Gli affetti sono oggi al centro dei discorsi critici e del linguaggio di molte lotte collettive per trasformare la società e la vita. Sono anche il punto focale d’attenzione della teoria sociale, umana e filosofica dei nostri tempi. Anche gli anglosassoni, che danno un nome a tutto, parlano di “affect theory”, che ha già i suoi lettori e tutto il corrispettivo apparato accademico.
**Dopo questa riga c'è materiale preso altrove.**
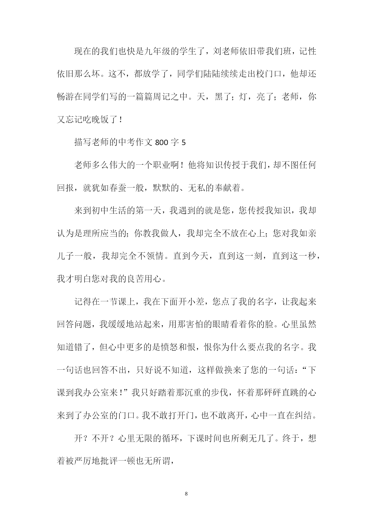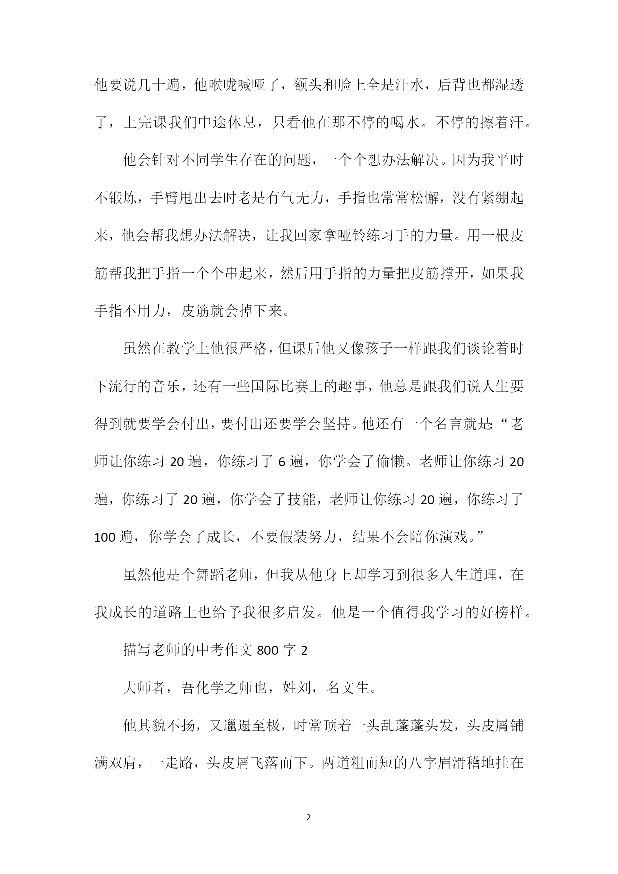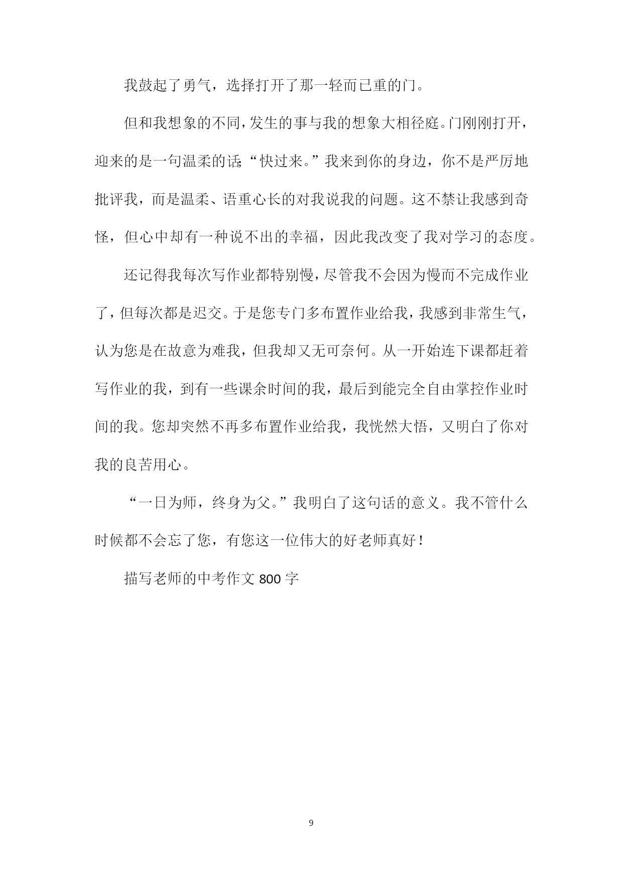 PAGEPAGE9描写老师的中考作文800字光阴似箭,不知不觉中我们已经成为一名初三的学生了。在这三年中我们认识了许多老师,每一个老师都和蔼可亲,但有一个老师却让我们十分敬佩。下面就是xx给大家带来的描写老师的中考作文800字,希望能帮助到大家!描写老师的中考作文800字1一提到跳拉丁舞的老师,大家脑海里浮现出的肯定是年轻漂亮的女老师,她们有着天鹅颈,柳枝腰,大长腿……可是,我的老师这些一样都没有,因为他是一个有着许多国际奖杯的男老师。老师二十岁出头,圆圆的脸蛋上嵌着一双炯炯有神的眼睛,跳起舞来他的眼睛会发光发亮,看起来特别神气。他身材比例匀称,手臂和双腿都有着很结实的肌肉,别看他像个健身教练,可他跳起舞来却柔中带刚,刚中带柔。每一个甩手,甩胯,每一个转身都非常有力量。每次上舞蹈课,他都是把头发梳的很整齐,跟电视上经常走红毯的明星一样耀眼,好像时刻准备着去参加比赛。只要一进入工作状态,他就变得非常严肃,对动作的细节也非常严格,只要教新动作,他都会亲自一个个纠正,让我们反复练习,哪怕十几遍,他都不厌其烦。有一次我们学习扭胯,他让我们每个人抓着跳舞杆,用手扶住我们的腰,一个一个的扭,让我们找到感觉。同样的注意事项,同样的拍子,他要说几十遍,他喉咙喊哑了,额头和脸上全是汗水,后背也都湿透了,上完课我们中途休息,只看他在那不停的喝水。不停的擦着汗。他会针对不同学生存在的问题,一个个想办法解决。因为我平时不锻炼,手臂甩出去时老是有气无力,手指也常常松懈,没有紧绷起来,他会帮我想办法解决,让我回家拿哑铃练习手的力量。用一根皮筋帮我把手指一个个串起来,然后用手指的力量把皮筋撑开,如果我手指不用力,皮筋就会掉下来。虽然在教学上他很严格,但课后他又像孩子一样跟我们谈论着时下流行的音乐,还有一些国际比赛上的趣事,他总是跟我们说人生要得到就要学会付出,要付出还要学会坚持。他还有一个名言就是:“老师让你练习20遍,你练习了6遍,你学会了偷懒。老师让你练习20遍,你练习了20遍,你学会了技能,老师让你练习20遍,你练习了100遍,你学会了成长,不要假装努力,结果不会陪你演戏。”虽然他是个舞蹈老师,但我从他身上却学习到很多人生道理,在我成长的道路上也给予我很多启发。他是一个值得我学习的好榜样。描写老师的中考作文800字2大师者,吾化学之师也,姓刘,名文生。他其貌不扬,又邋遢至极,时常顶着一头乱蓬蓬头发,头皮屑铺满双肩,一走路,头皮屑飞落而下。两道粗而短的八字眉滑稽地挂在眼睛上方,整张脸像极了一个“囧字”,他总喜欢穿着或灰或黑的深色系衣服,将手背在身后慢慢踱步,乍一看像极了公园里遛鸟的大爷,形是大爷,神是大师。记得初见大师就被他的一个举动惊呆了:只见他推开教室门,闲庭信步,两手空空,在我们热切的目光下,拿起粉笔移步至黑板前,随即,有条不紊,将一节课的内容分割,从引出到解释到引伸,整个过程流畅似行云流水,板书扬扬洒洒布满整个黑板。那么多概念体系似乎已经在大师脑中刻骨铭心,无需带书便可如清泉般汩汩涌出。后经打听才知,大师之所以被称为大师,来源于他对化学学科几十年如一日的钻研,这才使他熟练掌握初、高中甚至大学的化学知识。不信,你瞧,许多我们百思不得其解的题,一经大师三言两语点拔,便如醒醐灌顶,豁然开朗。别看大师平常总喜欢板着一张脸显得很严肃,其实他也拥有许多幽默细胞。每次上课讲到动情之处,大师总不自觉地一拍双手,一扭腰,脸也跟着转几圈,紧接着左手伸在半空中微微蜷屈,似乎想要摘什么果子,在空中左右旋着圈,左脚也向前探去,右手却又背在微弯的背上,脸上表情极为丰富,两只眼睛瞪得像铜铃,小眼珠子迸射出激动兴奋的光。他还喜欢将整个身子都俯在讲台上,仅靠双手支撑,大半个身体都快探到第一排,兴奋地扫视教室后,用骄傲自豪的语气问道:“是不是!”神气十足。大师不仅在教学上很有一套,在教育学生上也非常智慧,记得有一次化学考试失利,我作为班内为数不多的60分以下的人,怀着忐忑不安的心情被大师“请”到办公室,本以为会看到大师如阴云密布的脸、会受到批头盖脸一顿骂。没想到,大师脸色如常,甚至透露出些温和,坐下亲切地询问我卷子上有哪些疑难。我一一列出,他一一详细耐心地给我讲解,不仅剖析了出题意图,又耐心说出解题思路,若我面露难色,他还会不厌其烦换另一种更易理解的讲法。分析完毕后,大师语重心长地告诫:“平时有不懂的就及时问,切忌堆积难题,要注重基础,多背笔记,更重要的是建立自信,相信只要把基础巩固好,上60也不是难事”,说完又拍拍我的肩膀,潇洒地挥挥手:“去吧”。这就是我们的刘大师,教书育人数十载,质朴敬业永不改。描写老师的中考作文800字3有人说“老师是梯,以伟岸的身躯,托着我们稚嫩的双脚,一步步攀高,攀高……”有人说“老师是烛,

Il femminismo è stato cruciale in questo cambiamento teorico e politico.
Negli ambienti di dibattito e azione a me più vicini, l’attenzione verso la nozione di affetto, come concetto radicalmente politico, era arrivata attraverso la filosofia di Spinoza e, più specificamente, attraverso la lettura che ne aveva fatto il filosofo francese Gilles Deleuze. Questo linguaggio filosofico ha subito una svolta inaspettata l’11 marzo 2004, quando ci siamo svegliati con la notizia dell’attentato ai treni di Atocha, a Madrid. Alcune bombe avevano ucciso più di duecento persone e ne avevano ferite quasi duemila sui treni di Cercanías in una mattina di un giorno feriale qualsiasi, a pochi giorni dalle elezioni generali, in cui era in gioco la riconferma del governo di José María Aznar, complice dell’invasione dell’Iraq. Di fronte a questo, era quasi inevitabile entrare nell’analisi politica dell’attentato e soffermarsi sulle sue conseguenze elettorali più evidenti, che si riassumono nella vittoria di José Luis Rodríguez Zapatero e nel grido «Non ci tradire», dopo la mobilitazione collettiva tramite sms conosciuta come “Pásalo”. Ma la prossimità con la quale alcuni colleghi e amiche di Madrid hanno vissuto l’attentato ha aperto una domanda, niente affatto retorica ma molto dolorosa, che era la seguente: chi era rimasto coinvolto nell’attentato? Solo le vittime dirette? O lo erano anche tutti quelli che avevano percepito come, a partire da quel giorno, la loro condizione umana e politica venisse radicalmente trasformata?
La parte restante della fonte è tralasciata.